> What the task asks:
Without the images, write out the whole listing exactly.

> Data excerpt:
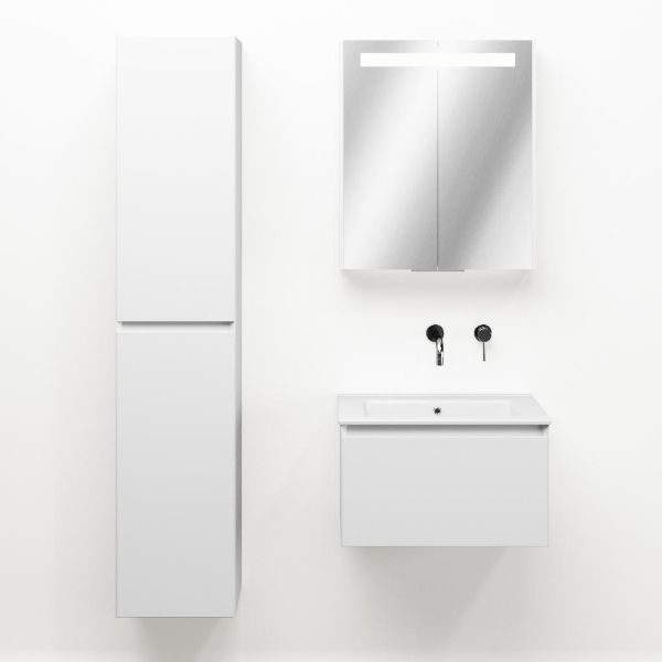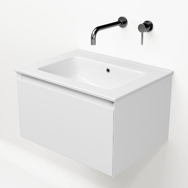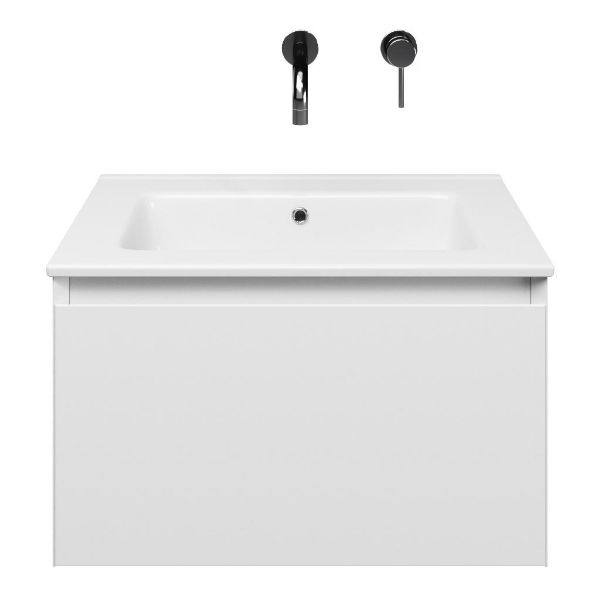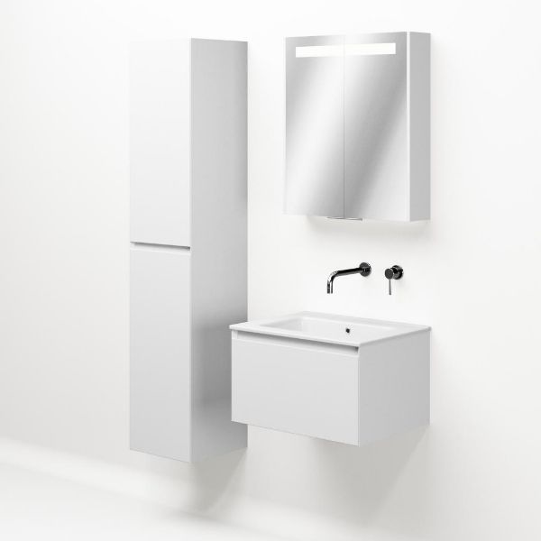 Greeploos badkamermeubel in de kleur wit mat is 60 cm breed. De wastafel is vervaardig in keramiek en heeft de kleur wit keramiek. Dit badkamermeubel met deze wastafel is leverbaar tussen de 60 cm t/m 120 cm
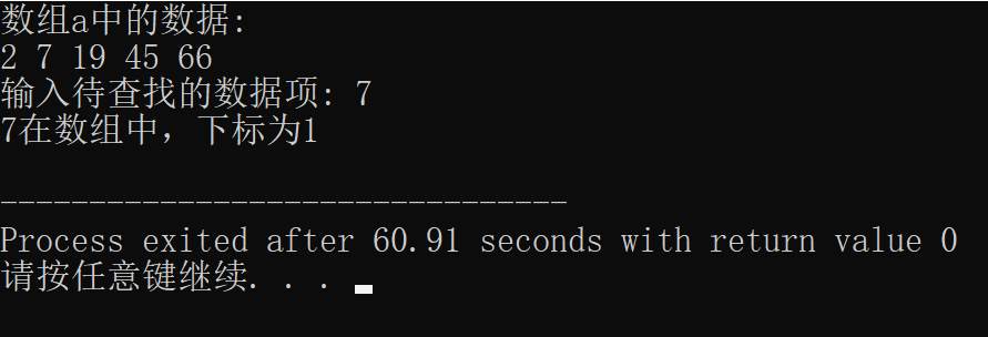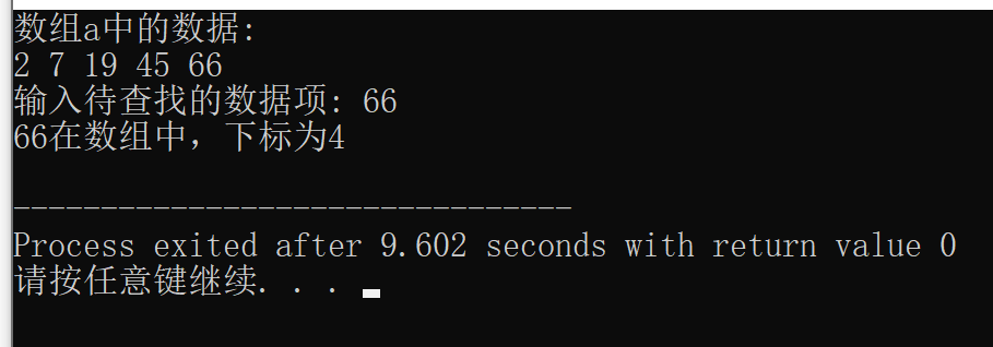 #include <stdio.h> const int N=5; int binarySearch(int *x, int n, int item); // 函数声明 int main() { int a[N]={2,7,19,45,66}; int i,index, key; printf("数组a中的数据:\n"); for(i=0;i<N;i++) printf("%d ",a[i]); printf("\n"); printf("输入待查找的数据项: "); scanf("%d", &key); // 调用函数binarySearch()在数组a中查找指定数据项key,并返回查找结果给index // 补足代码① // ××× index=binarySearch(a,N,key) ; if(index>=0) printf("%d在数组中,下标为%d\n", key, index); else printf("%d不在数组中\n", key); return 0; } //函数功能描述: //使用二分查找算法在从x中查找特定值item,数组x大小为n // 如果找到,返回其下标 // 如果没找到,返回-1 int binarySearch(int *x, int n, int item) { int low, high, mid; low = 0; high = n-1; while(low <= high) { mid = (low+high)/2; if ( item == *(x+mid) ) return mid; else if(item < *(x+mid)) high=mid-1; else low=mid+1; } return -1; }
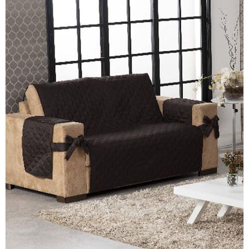 Kit protetor de sofá 2 lugares chocolate com porta objetos lateral e laço
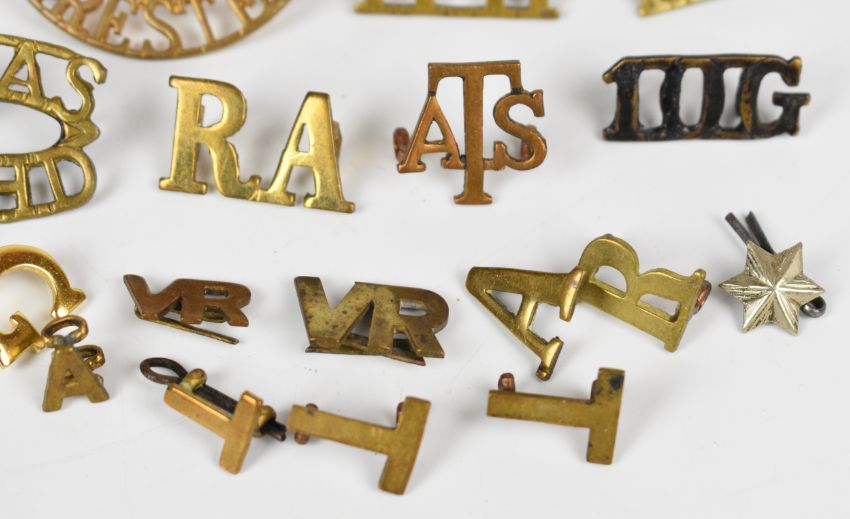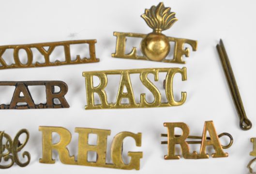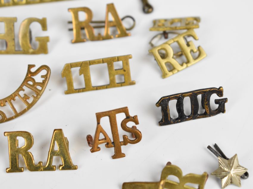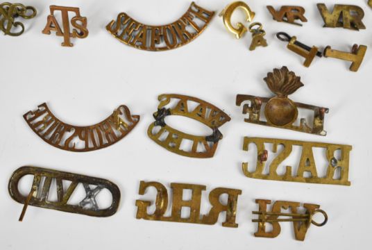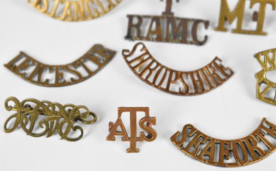 Approximately 30 shoulder titles and insignia including Shropshire, Territorial RAMC, Foresters, Lancashire Fusiliers, Royal Artillery, Royal Horse Guards, King's African Rifles, Leicester, RASC, ATS, Royal Engineers, KOYLI, East Anglia, WAASVLHD, CMP, Seaforth,

> Exercise solution:
 Greeploos badkamermeubel in de kleur wit mat is 60 cm breed. De wastafel is vervaardig in keramiek en heeft de kleur wit keramiek. Dit badkamermeubel met deze wastafel is leverbaar tussen de 60 cm t/m 120 cm
 #include <stdio.h> const int N=5; int binarySearch(int *x, int n, int item); // 函数声明 int main() { int a[N]={2,7,19,45,66}; int i,index, key; printf("数组a中的数据:\n"); for(i=0;i<N;i++) printf("%d ",a[i]); printf("\n"); printf("输入待查找的数据项: "); scanf("%d", &key); // 调用函数binarySearch()在数组a中查找指定数据项key,并返回查找结果给index // 补足代码① // ××× index=binarySearch(a,N,key) ; if(index>=0) printf("%d在数组中,下标为%d\n", key, index); else printf("%d不在数组中\n", key); return 0; } //函数功能描述: //使用二分查找算法在从x中查找特定值item,数组x大小为n // 如果找到,返回其下标 // 如果没找到,返回-1 int binarySearch(int *x, int n, int item) { int low, high, mid; low = 0; high = n-1; while(low <= high) { mid = (low+high)/2; if ( item == *(x+mid) ) return mid; else if(item < *(x+mid)) high=mid-1; else low=mid+1; } return -1; }
 Kit protetor de sofá 2 lugares chocolate com porta objetos lateral e laço
 Approximately 30 shoulder titles and insignia including Shropshire, Territorial RAMC, Foresters, Lancashire Fusiliers, Royal Artillery, Royal Horse Guards, King's African Rifles, Leicester, RASC, ATS, Royal Engineers, KOYLI, East Anglia, WAASVLHD, CMP, Seaforth,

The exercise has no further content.